Shock is a condition of severe impairment of tissue perfusion leading to cellular injury and dysfunction. Rapid recognition and treatment are essential to prevent irreversible organ damage and death.
Different Causes And Categories Of Shock:
Hypovolemic shock
- Hemorrhage
- Intravascular volume depletion (e.g., vomiting, diarrhea, ketoacidosis)
- Internal sequestration (ascites, pancreatitis, intestinal obstruction)
Cardiogenic shock
- Myopathic (acute MI, fulminant myocarditis)
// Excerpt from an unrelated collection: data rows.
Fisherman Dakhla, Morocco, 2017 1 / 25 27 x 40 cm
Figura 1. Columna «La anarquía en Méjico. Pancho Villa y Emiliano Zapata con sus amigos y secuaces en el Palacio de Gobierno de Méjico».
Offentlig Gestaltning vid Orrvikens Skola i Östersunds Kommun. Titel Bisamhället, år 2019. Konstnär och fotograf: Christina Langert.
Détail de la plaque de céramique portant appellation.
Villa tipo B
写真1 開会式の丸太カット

- Mechanical (e.g., acute mitral regurgitation, ventricular septal defect, severe aortic stenosis, aortic dissection with aortic insufficiency)
- Arrhythmic
Extracardiac obstructive shock
- Pericardial tamponade
- Massive pulmonary embolism
- Tension pneumothorax
Distributive shock (profound decrease in systemic vascular tone)
- Sepsis
- Toxic overdoses
- Anaphylaxis
- Neurogenic (e.g., spinal cord injury)
- Endocrinologic (Addison’s disease, myxedema)
Clinical Manifestations:
• Hypotension (mean arterial BP <60 mmHg), tachycardia, tachypnea, pallor, restlessness, and altered sensorium.
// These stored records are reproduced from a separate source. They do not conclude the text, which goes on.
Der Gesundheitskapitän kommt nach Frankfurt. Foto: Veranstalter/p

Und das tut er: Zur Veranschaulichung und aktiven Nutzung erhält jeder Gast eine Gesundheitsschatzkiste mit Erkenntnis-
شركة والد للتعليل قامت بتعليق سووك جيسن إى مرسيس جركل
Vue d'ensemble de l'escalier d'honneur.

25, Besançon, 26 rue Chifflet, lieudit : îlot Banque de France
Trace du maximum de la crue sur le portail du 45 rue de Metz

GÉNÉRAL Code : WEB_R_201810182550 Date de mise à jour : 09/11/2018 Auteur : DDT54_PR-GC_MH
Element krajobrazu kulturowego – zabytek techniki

• Signs of intense peripheral vasoconstriction, with weak pulses and cold clammy extremities. In distributive (e.g., septic) shock, vasodilation predominates and extremities are warm.
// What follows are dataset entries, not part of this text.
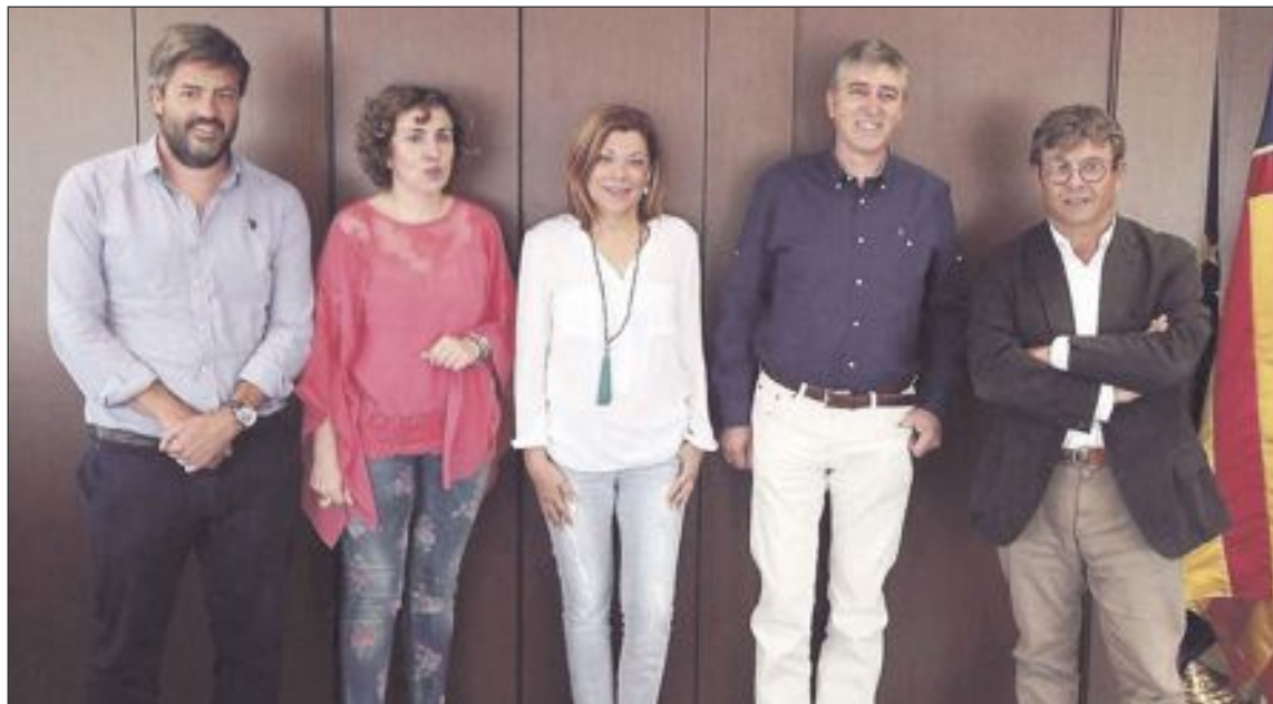
El encuentro con el Conseller tuvo lugar a principios de septiembre y asistió también la directora general de Industria

Además, es un claro ejemplo de la vertebración económica territorial que, a partir de una idiosincrasia industrial común y uniendo esfuerzos, pretende ser una única voz con suficiente potencial para ser tenida en cuenta en los foros donde se establezcan los marcos que propi-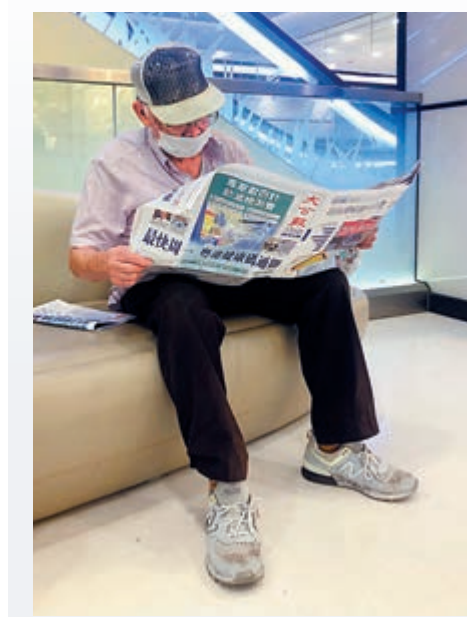
▲《大公報》是不少杏花邨居民每日的精神食糧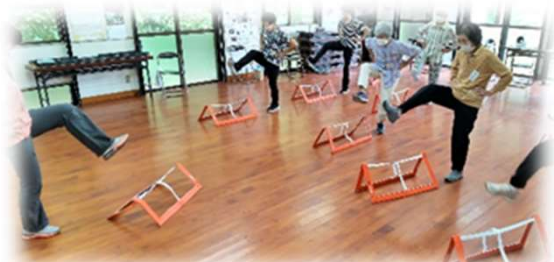
ペナルティーボックスを使った運動! チョットきつい(-_-;) それもそのはず 「罰ゲーム」です(笑)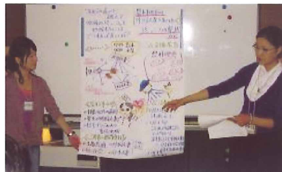
帯広 ESD ワークショップより(2006年10月)

2006年度には、帯広・函館・江別の3地域で、参加者が実際に地域の現状を調べ発表しあう参加型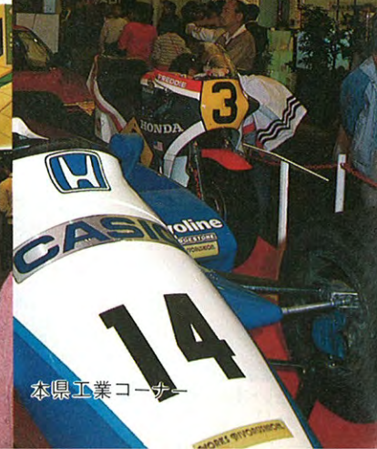
本県工業コーナー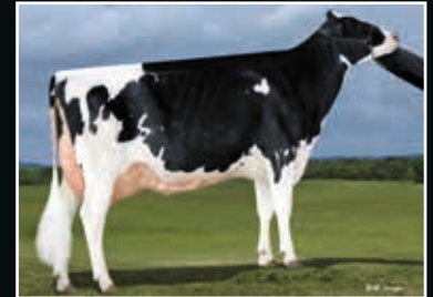
Future-Jolane Uno Hay P VG 86 4. Mutter 4 th dam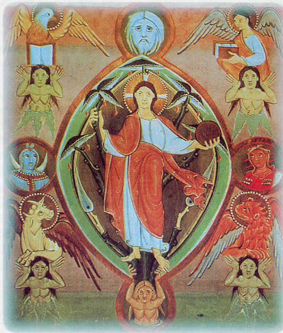
Maiestas Domini – der Weltenherrscher Sakramentar anfangs 11. Jh./ Köln

solcher gelästert und verhöhnt. Die Bevorzugung des Barabbas ist die Verwerfung des gottgesandten Königs durch Israel.

• Oliguria (<20 mL/h) and metabolic acidosis common.
• Acute lung injury and acute respiratory distress syndrome with noncardiogenic pulmonary edema, hypoxemia, and diffuse pulmonary infiltrates.
Approach To The Patient:
Obtain history for underlying causes, including
- cardiac disease (coronary disease, heart failure, pericardial disease),
- recent fever or infection leading to sepsis,
- drug effects (e.g., excess diuretics or ),
- conditions leading to pulmonary embolism and
- potential sources of bleeding.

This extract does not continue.